🤖 AI Summary
Existing agent benchmarks struggle to effectively evaluate direct utilization of Unix system primitives, often conflating this capability with general programming skills. This work proposes an operational definition of Unix proficiency and introduces a procedurally generated CTF-style task environment: each task embeds a flag within an isolated Linux container by leveraging a single Unix feature, requiring agents to recover it using only shell interactions. High-fidelity, reusable tasks are efficiently synthesized through an LLM-assisted bidirectional contract generation pipeline that combines parameterized hide/seek script pairs with container isolation mechanisms. The resulting benchmark comprises 656 validated tasks (87.5% generation success rate), spanning 155 distinct techniques.

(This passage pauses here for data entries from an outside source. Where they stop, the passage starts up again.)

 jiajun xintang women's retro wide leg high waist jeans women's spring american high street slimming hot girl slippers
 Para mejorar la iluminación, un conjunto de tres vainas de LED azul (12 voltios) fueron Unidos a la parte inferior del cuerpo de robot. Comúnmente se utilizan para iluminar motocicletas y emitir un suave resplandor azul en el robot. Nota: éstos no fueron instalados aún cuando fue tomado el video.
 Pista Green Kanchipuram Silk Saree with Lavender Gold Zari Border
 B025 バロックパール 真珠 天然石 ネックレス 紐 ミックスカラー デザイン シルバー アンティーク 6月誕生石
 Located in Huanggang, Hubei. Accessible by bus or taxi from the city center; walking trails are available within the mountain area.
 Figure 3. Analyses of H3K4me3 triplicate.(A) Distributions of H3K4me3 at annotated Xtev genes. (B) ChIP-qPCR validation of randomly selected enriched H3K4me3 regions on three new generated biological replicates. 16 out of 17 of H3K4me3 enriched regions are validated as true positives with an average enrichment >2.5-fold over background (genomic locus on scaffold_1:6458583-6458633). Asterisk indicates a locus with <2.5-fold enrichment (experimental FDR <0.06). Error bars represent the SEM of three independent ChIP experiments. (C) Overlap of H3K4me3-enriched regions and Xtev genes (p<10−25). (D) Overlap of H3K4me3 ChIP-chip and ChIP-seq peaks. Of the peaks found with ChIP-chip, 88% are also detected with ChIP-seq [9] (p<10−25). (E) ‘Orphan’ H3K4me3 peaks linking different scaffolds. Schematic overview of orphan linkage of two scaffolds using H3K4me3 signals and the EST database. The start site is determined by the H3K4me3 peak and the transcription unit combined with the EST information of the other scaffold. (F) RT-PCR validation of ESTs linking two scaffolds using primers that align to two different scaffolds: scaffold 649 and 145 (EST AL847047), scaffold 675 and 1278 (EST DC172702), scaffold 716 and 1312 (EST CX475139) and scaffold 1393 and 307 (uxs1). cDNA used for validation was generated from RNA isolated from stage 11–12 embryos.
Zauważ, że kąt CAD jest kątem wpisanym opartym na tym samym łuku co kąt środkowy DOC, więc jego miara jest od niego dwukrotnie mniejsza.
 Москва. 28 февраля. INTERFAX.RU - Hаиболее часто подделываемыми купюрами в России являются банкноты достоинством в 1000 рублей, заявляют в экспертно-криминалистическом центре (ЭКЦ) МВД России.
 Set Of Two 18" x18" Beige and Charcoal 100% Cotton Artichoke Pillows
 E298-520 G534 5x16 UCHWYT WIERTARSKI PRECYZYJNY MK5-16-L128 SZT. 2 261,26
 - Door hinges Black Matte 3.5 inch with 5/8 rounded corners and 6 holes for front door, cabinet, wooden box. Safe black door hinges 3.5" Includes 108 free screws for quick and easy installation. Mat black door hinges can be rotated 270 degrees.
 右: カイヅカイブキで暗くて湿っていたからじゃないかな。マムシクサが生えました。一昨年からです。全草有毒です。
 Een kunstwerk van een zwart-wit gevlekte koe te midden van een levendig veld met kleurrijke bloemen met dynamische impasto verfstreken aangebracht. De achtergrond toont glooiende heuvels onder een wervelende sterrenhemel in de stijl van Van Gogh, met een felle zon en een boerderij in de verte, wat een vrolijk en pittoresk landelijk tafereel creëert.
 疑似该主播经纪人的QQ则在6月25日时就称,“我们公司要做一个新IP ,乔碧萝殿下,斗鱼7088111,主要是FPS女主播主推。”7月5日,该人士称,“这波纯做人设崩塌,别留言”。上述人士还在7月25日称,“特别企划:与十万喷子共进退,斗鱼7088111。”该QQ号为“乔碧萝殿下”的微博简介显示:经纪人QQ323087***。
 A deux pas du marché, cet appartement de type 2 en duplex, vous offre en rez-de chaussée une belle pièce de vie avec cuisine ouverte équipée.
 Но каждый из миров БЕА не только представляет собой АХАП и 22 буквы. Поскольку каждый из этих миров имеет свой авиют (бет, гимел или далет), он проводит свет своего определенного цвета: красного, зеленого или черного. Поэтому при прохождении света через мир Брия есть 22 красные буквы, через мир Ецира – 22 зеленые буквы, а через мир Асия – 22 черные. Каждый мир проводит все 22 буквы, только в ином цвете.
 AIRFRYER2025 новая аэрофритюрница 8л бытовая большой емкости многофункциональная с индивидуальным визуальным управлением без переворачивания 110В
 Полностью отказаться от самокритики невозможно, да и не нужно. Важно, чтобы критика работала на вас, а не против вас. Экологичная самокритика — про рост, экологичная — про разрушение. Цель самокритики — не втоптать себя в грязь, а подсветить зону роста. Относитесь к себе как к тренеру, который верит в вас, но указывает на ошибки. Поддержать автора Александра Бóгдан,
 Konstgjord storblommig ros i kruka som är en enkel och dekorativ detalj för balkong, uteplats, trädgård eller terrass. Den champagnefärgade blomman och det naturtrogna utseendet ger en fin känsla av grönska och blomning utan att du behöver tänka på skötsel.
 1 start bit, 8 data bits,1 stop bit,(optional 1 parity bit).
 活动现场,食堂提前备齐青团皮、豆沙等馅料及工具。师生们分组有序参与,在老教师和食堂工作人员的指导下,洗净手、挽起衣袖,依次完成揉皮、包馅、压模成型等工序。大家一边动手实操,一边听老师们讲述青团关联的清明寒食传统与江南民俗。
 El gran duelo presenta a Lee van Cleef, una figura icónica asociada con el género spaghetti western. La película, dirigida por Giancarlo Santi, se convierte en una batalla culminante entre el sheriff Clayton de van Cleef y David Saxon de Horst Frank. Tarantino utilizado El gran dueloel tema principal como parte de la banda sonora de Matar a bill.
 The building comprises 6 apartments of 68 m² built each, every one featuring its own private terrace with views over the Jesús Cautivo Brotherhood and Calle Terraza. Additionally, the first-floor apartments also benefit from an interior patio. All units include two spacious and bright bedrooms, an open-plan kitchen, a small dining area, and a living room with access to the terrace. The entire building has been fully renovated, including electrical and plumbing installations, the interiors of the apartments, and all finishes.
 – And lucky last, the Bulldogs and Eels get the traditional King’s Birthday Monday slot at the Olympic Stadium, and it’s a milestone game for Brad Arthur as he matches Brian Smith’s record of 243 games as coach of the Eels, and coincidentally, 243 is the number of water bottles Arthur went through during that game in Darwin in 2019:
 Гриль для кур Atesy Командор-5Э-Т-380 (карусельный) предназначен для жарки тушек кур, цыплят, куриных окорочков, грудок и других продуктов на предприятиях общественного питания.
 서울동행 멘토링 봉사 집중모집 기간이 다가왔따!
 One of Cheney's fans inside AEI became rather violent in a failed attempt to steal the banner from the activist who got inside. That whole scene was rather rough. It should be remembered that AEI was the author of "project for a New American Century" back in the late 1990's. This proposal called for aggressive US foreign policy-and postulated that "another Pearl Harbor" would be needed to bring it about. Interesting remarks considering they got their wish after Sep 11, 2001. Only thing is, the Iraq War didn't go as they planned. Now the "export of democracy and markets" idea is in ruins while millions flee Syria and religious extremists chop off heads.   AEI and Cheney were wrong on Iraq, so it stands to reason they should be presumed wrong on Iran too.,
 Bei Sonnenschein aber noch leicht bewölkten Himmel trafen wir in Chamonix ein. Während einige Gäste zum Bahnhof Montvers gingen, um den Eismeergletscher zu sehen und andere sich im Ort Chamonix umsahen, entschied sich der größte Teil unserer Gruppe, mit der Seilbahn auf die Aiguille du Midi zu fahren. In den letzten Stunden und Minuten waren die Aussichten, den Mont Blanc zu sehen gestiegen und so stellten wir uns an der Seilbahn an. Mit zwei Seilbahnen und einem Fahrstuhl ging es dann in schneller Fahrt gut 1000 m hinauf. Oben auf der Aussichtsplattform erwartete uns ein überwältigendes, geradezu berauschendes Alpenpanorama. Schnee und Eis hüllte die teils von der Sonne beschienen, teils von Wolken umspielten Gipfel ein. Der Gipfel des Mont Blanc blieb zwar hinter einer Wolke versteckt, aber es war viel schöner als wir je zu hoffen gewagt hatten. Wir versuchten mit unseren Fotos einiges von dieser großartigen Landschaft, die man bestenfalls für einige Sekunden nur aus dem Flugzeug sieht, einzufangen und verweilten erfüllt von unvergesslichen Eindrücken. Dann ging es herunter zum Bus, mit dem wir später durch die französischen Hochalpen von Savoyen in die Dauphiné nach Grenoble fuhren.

Fine-tuning Qwen3-8B with LoRA and GRPO reinforcement learning boosts its solve rate on the holdout set from 11.6% to 43.6%, with Forensics subtasks showing a 33-percentage-point improvement.
📝 Abstract
Unix competence is the ability to use shell and operating-system primitives as first-class tools, not merely to write programs through a terminal. Current terminal benchmarks tend to blur this distinction: a solver fluent in Python but weak in Unix can pass a substantial fraction of Terminal-Bench 2.0, while the reverse skill profile is rarely exercised. We make the distinction operational and build a training surface for the Unix component. unix-ctf is a procedural generator of capture-the-flag tasks for shell agents. Each task hides a short token (a flag of the form flag(a3b1c9...)) inside a fresh Linux container using a single Unix feature, and the agent must recover it. Tasks are produced by an LLM-assisted synthesis pipeline that generates candidate hiding techniques, rewrites them into parameterized hide-and-find script pairs, and filters them with a bidirectional contract: the hide script must leave no plaintext trace of the flag on disk, and the find script must recover the flag in a fresh directory. Because the LLM only writes the planting and recovery steps (the container, layout, and grading harness are fixed), the pipeline lands 656 of 750 raw attempts as portable, reusable variants (87.5\%). Our reproduction of Endless Terminals' full-container-generation approach lands only 17.4\% under the same checks. The 656 variants canonicalize to 155 distinct techniques. Fine-tuning Qwen3-8B with LoRA using GRPO on this surface lifts solve rate from 11.6\% to 43.6\% on a 15-skill multi-family holdout (n=225), redistributes which InterCode-CTF tasks the model solves, and produces a +33 pp gain in Forensics while reaching 32/100 on InterCode-CTF. These results suggest that Unix competence is separable, trainable, and best evaluated directly rather than folded into programming-through-a-shell.